Итак возвращаемся к важному моменту. Если зритель привык к циклу в поле действий героя, находящегося либо в реальности зала, либо в самой близкой к нему виртуальной имитации на экране, то самым логичным вариантом создания двигателя для кино будет воплощение двойного экрана. Экрана — зеркала для наблюдателя. Где он будет существовать по обе стороны одновременно, но в разных ипостасях. И схема для этого воплощения будет следующей:
зритель---наблюдатель-действие---наблюдатель-образ---предметы / новое кино (экран-баба-яга — посредник между зрителем и материалом)
Или более серьезно, но не так выразительно:
зритель---мульти-формат---предметы / новое кино (мульти-формат — посредник между зрителем и материалом)
5.
Остается понять, как же создать цикл действий формата. И здесь возникает момент уже личных пристрастий, поскольку вкусы у всех разные, конечно. Но выведем общие рекомендации.

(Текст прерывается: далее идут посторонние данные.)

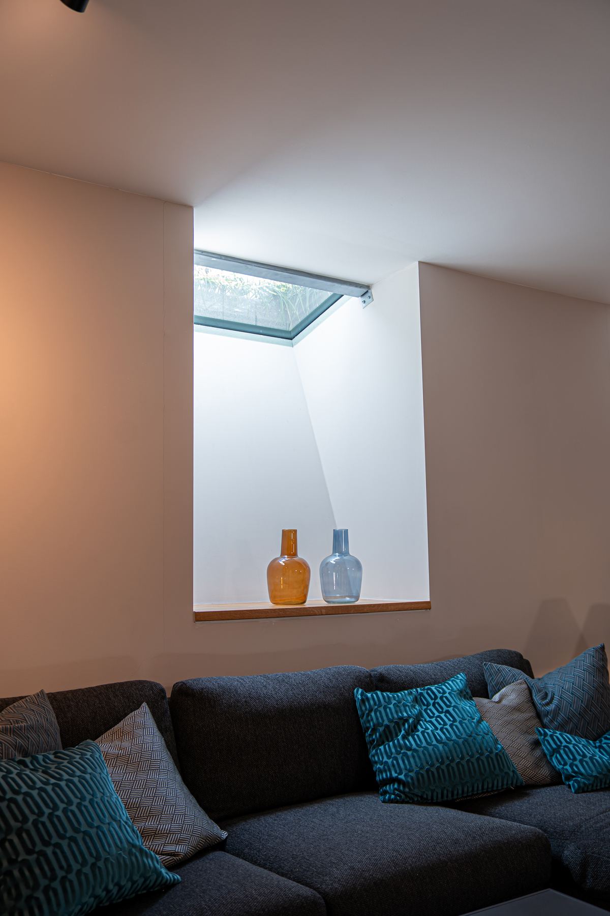 Zum Einsatz kamen bei dem Projekt die Knecht-Lichtfluter mit Brüstung und einer Höhe von 159,5 cm sowie einer Breite von 129 cm. Die Aussparungen in der Kellerwand wurden entsprechend vergrößert. Durch die Brüstung ergibt sich eine praktische Ablagefläche mit einer Tiefe von rund 45 cm, wie bei einer Fensterbank. Nach oben erreicht dieser Lichtfluter eine Tiefe von etwa 110 cm.
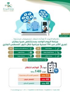 ويأتي ذلك حرصاً من الصحة على تقديم الخدمة لجميع المستفيدين وإنهاء جميع قوائم الانتظار للعمليات الجراحية في جميع مستشفيات المنطقة وذلك ضمن مشروع قوائم انتظار العمليات للتخصصات المختلفة.
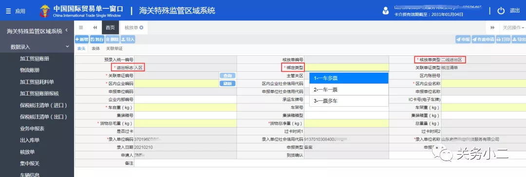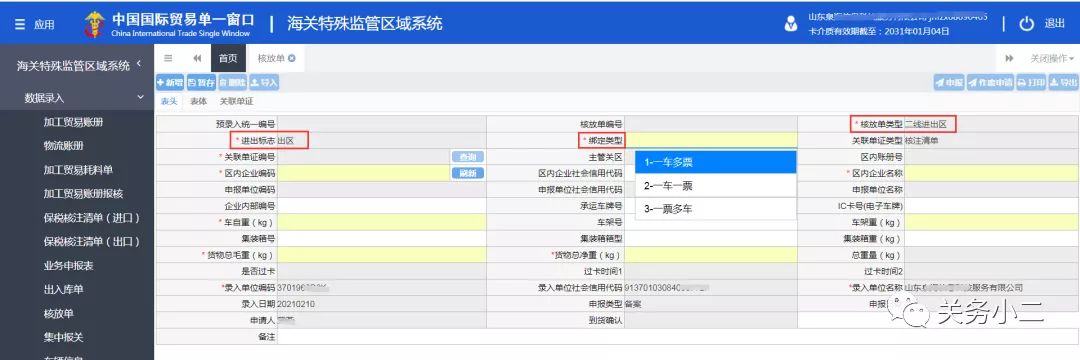 核放單類型:二線進(jìn)出區(qū)
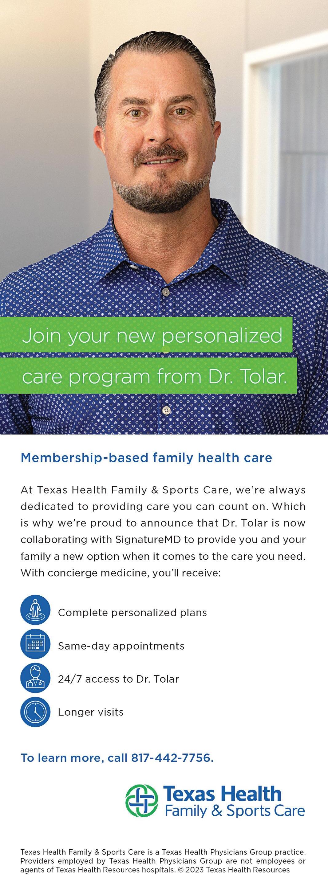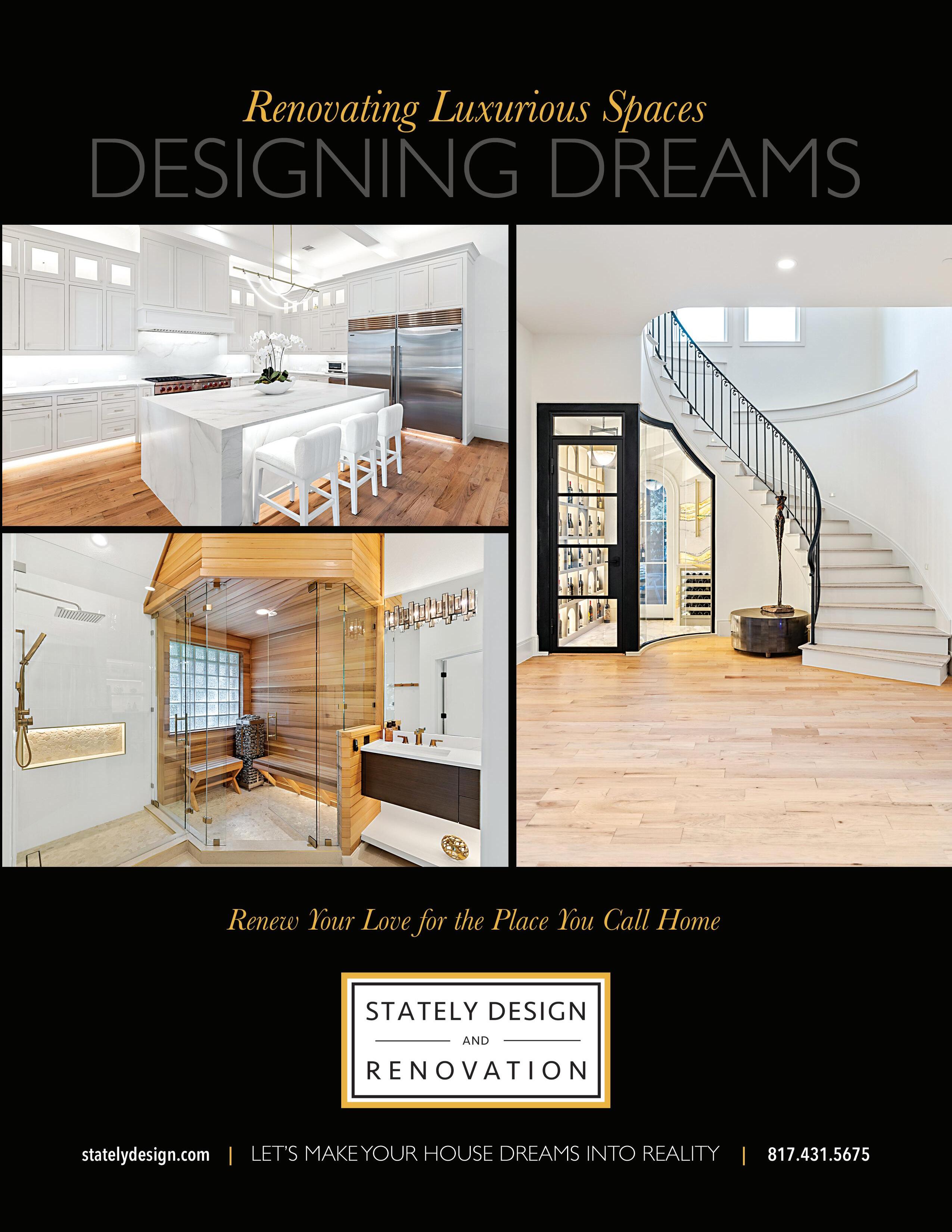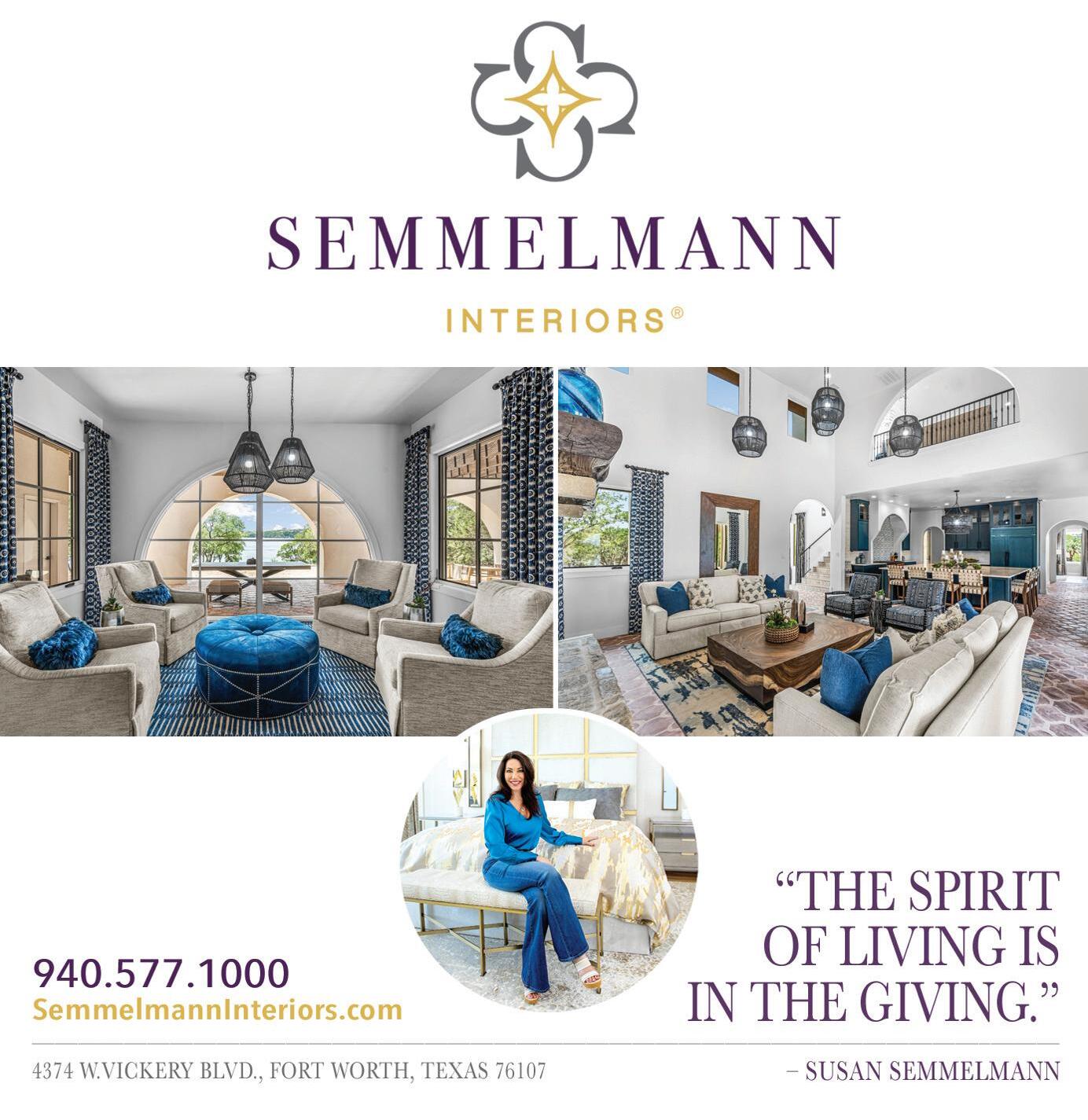 Everyone knows that home is more than just bricks and mortar. It is the epicenter of our lives and what defines home for each of us varies as much as we do. Home should be a place where we are free to be ourselves, where we find acceptance, love, and warmth. From well-known sayings like, “There’s no place like home,” “Home sweet home,” and “Home is where the heart is,” we surmise that home should be a happy place. This is the mission and purpose for one local charity I am proud to support—CASA of Tarrant County (Court Appointed Special Advocates). It’s a special organization of volunteer advocates who stand up on behalf of abused and neglected children. They aim to provide a CASA volunteer to every child who needs one—and they do so through fundraisers like the upcoming CASA Kids on Canvas (see article starting on page 68). By raising a voice against the unspeakable and speaking up for a child, they help find a happy home where love and warmth are the foundation for their future success. Both the child and their advocate are fulfilled by this bond. In a world filled with uncertainty and challenges, home should provide us with a stable anchor. It is a shelter from the storms of life, a place where we can let our guard down, and a fortress that shields us from the outside world. Home fosters personal growth. It’s the space where we dream, explore, and evolve. Whether it’s a quiet corner for reading, a kitchen where we experiment with recipes, or a backyard where we tend to a garden, or spend quality time with friends and family— our homes facilitate our passions and hobbies, nurturing our intellectual and creative sides. Learn how to make the most of your home and add value to your investment (Home Upgrades page 19). We forge bonds within its walls. Home is where families are formed and strengthened, where children take their first steps, where we celebrate milestones and holidays, and where we lean on each other during tough times. Home is the backdrop to the stories of our lives. The pandemic has made us appreciate home again, and it’s become a symbol of resilience and adaptability.
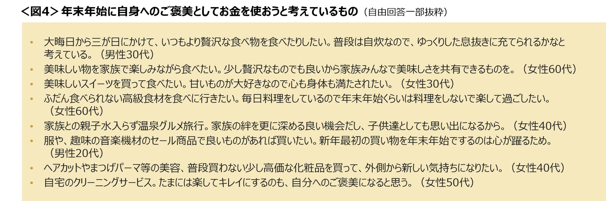 年末年始のご褒美としてお金を使いたいものは、いつもより贅沢な食事や普段は買わない高級食材などがあげられた。理由としては「ゆっくりと息抜きをしたい」「楽して過ごしたい」「心も身体も満たされたい」といった声がみられた。<図4>
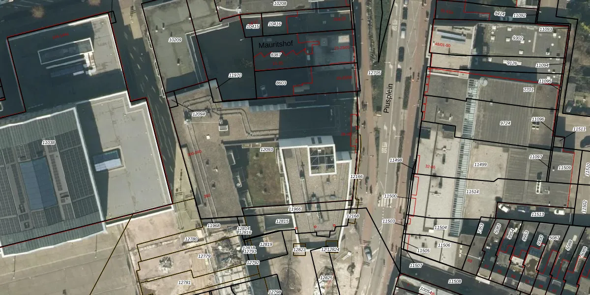 Piusplein 28-60 is gelegen op kadastraal perceel TBG01M12093. Deze kadastrale aanduiding is uniek en wordt gebruikt door het Kadaster om eigendomsrechten en andere zakelijke rechten vast te leggen. Het perceel maakt onderdeel uit van de kadastrale gemeente Tilburg.
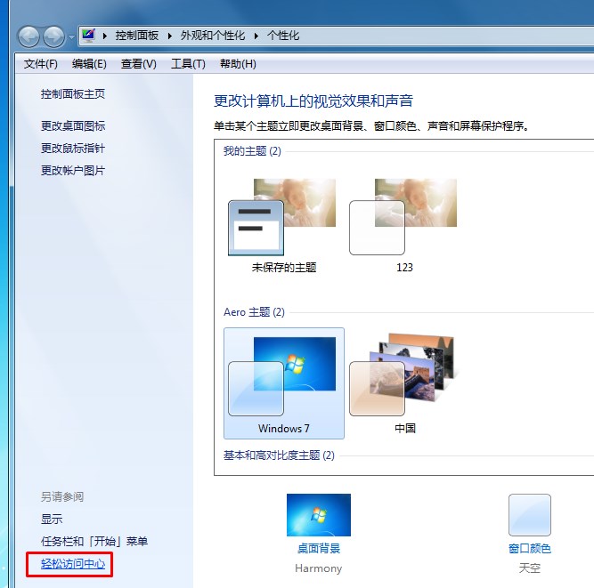 1、右键点击“个性化”,然后在个性化中找到“轻松访问中心”打开;
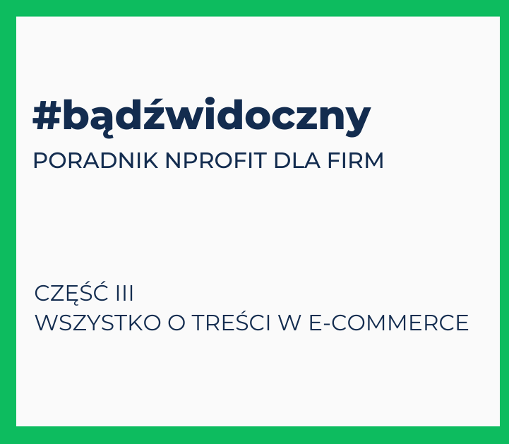 Agencja NPROFIT, prowadząca ogólnopolską kampanię #bądźwidoczny kierowaną do przedsiębiorców, opublikowała już III część bezpłatnego poradnika. W całości została poświęcona treści w e-commerce. Zespół działu SEO Agencji NPROFIT przygotowując tę ostatnią część poradnika skupił się na treściach dla e-commerce. Jednak trzeba podkreślić, że wiele ma zastosowanie również w przypadku stron usługowych czy informacyjnych.
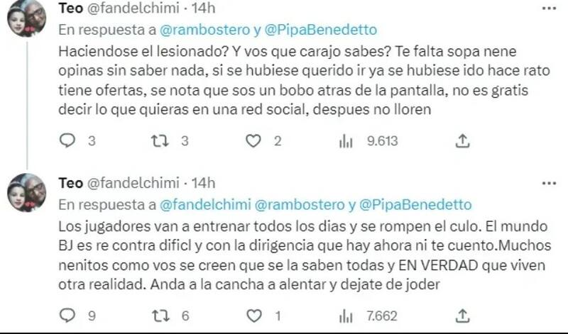 "Tranquilos que él ama a Boca! Dio todo por la camiseta, está donde quiere estar", "El esfuerzo que hizo Darío por Boca muy pocos lo han hecho", "Qué anti Boca que son. Ojalá la verdad salga a la luz!!!", son solo algunos de los tuits que el usuario @fandelchimi publicó en la plataforma del Pajarito.
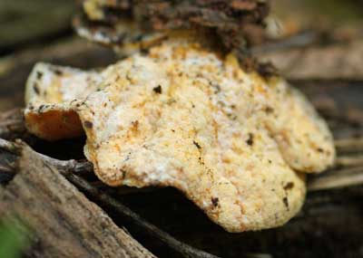Hypocrea pallida. De oranje schimmel wat op een kaaszwam groeit is de padddestoel. Het was onbekend waar dit te zoeken tot deze soort in oktober 2008 op deze naam gebracht werd. Vindplaats: Apeldoorn, Zr. Meyboomlaan november 2007 ascomyceten
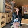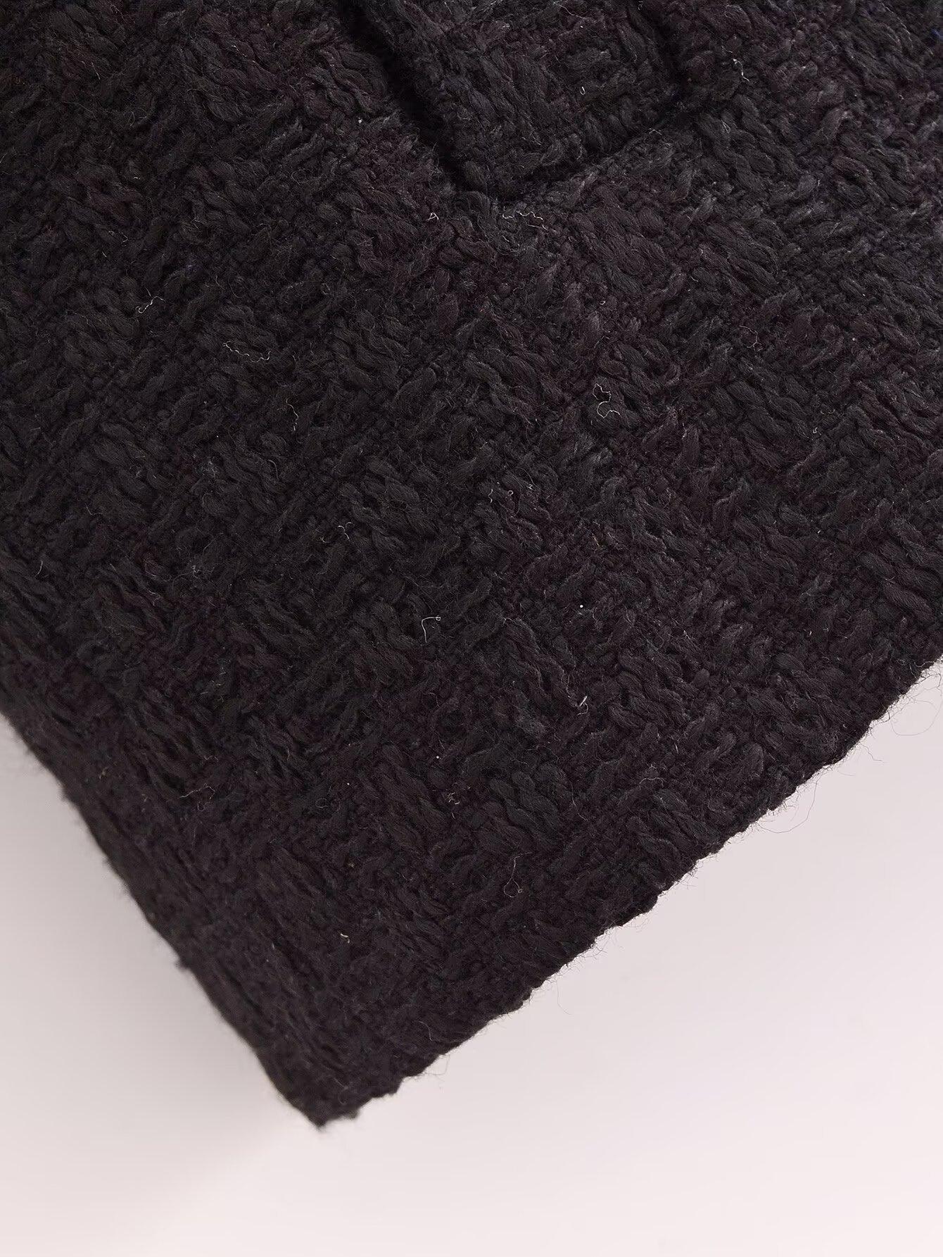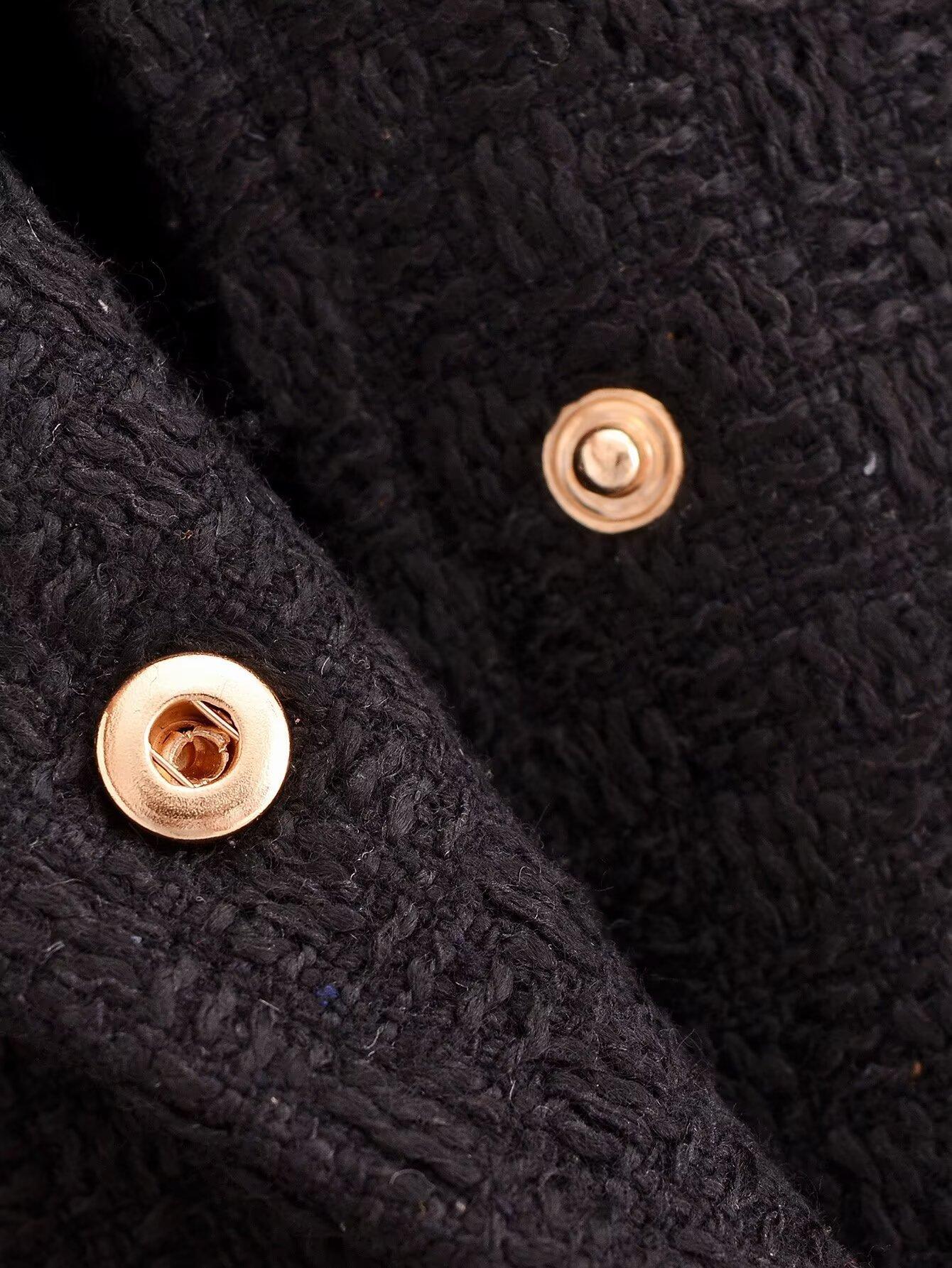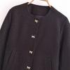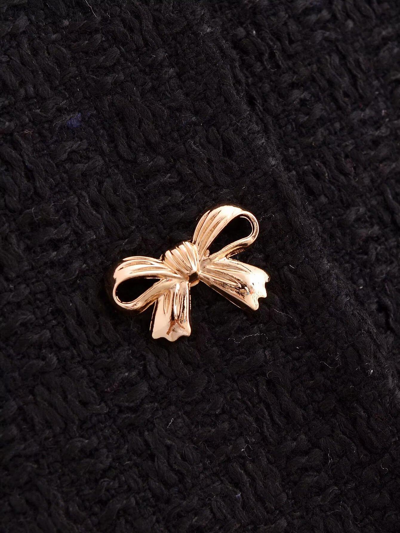 Chaqueta de manga larga con cuello alto y lazo decorado con cardado negro para otoño e invierno, abrigo para mujer 2024, tendencia europea y americana, nueva parte superior

Так как использование в нашем материале для экранизации — кино — только монтажа и склеек сильно ограничивает подвижность, да и другие способы действия формата, предлагается использовать в съемке футажи вместо большей части склеек, не забывая при том о монтаже объектов футажа. Суть здесь в том, что подвижность камеры может очень эффектно переводиться в подвижность формата. И формировать отличные от реперных точек киновыражения — главных объектов, свои точки-смены типа движений формата. Что показано на картинке. Движения эти, как и любые иные действия формата как объекта для наэкранного объективного времени по отношению к заэкранному субъективному, могут очеловечиваться или наоборот, быть чисто механическими, поскольку сама выборка образов уже уподобляет его зрителю.
В остальном же у нас есть и иные свойства формата, которые могут быть основой для цикла действия наблюдателя на экране. Например размер, положение, да даже фильтр, цветность, форма, яркость, объем, что угодно, изобретенное и описанное выше. Самое главное — умело связать такты смены формата съемки, отображаемого или имитируемого на экране, с материалом, то есть обосновать их им, иначе вылезет условность. Мы же используем действие, а оно всегда тяготится к формальности, а не материальности. И не стоит полагать, что стык мультиформата должен ложиться на стык кинообраза или привязываться к главным кинообъектам. Здесь задача наоборот разграничить временной образ наблюдателя и действие наблюдателя относительно самого себя, оставив последнее только в реальности зрителя.
Прогрессией же нашего топлива, собирающимся поэтапно образе наблюдателя, оказывается само кино, то есть выстроенная последовательность объектов. И это важно, поскольку нельзя допустить смены образа формата, иначе мы получим экран-сцену с задником из кино. Но вот цикличность можно спокойно наращивать, помещая один внутрь другого, только по зрительскую сторону экрана, конечно.
Авторский пример мультиформатности в его личном понимании, с подробным описанием, будет опубликован в следующем приложении к ВЯК, поскольку затрагивает тему перцептивной перспективы. Но и текущей теоретической разработки вполне достаточно для того, чтобы каждый заинтересованный читатель смог изобрести нечто свое. Главное помнить, что любая композиция — это не какая-то эфемерная и условная организация более высокого порядка, стоящая над материалом. Но всего лишь ход проводника по ней, выраженный в поиске своего образа. А двигать движимое невероятно просто.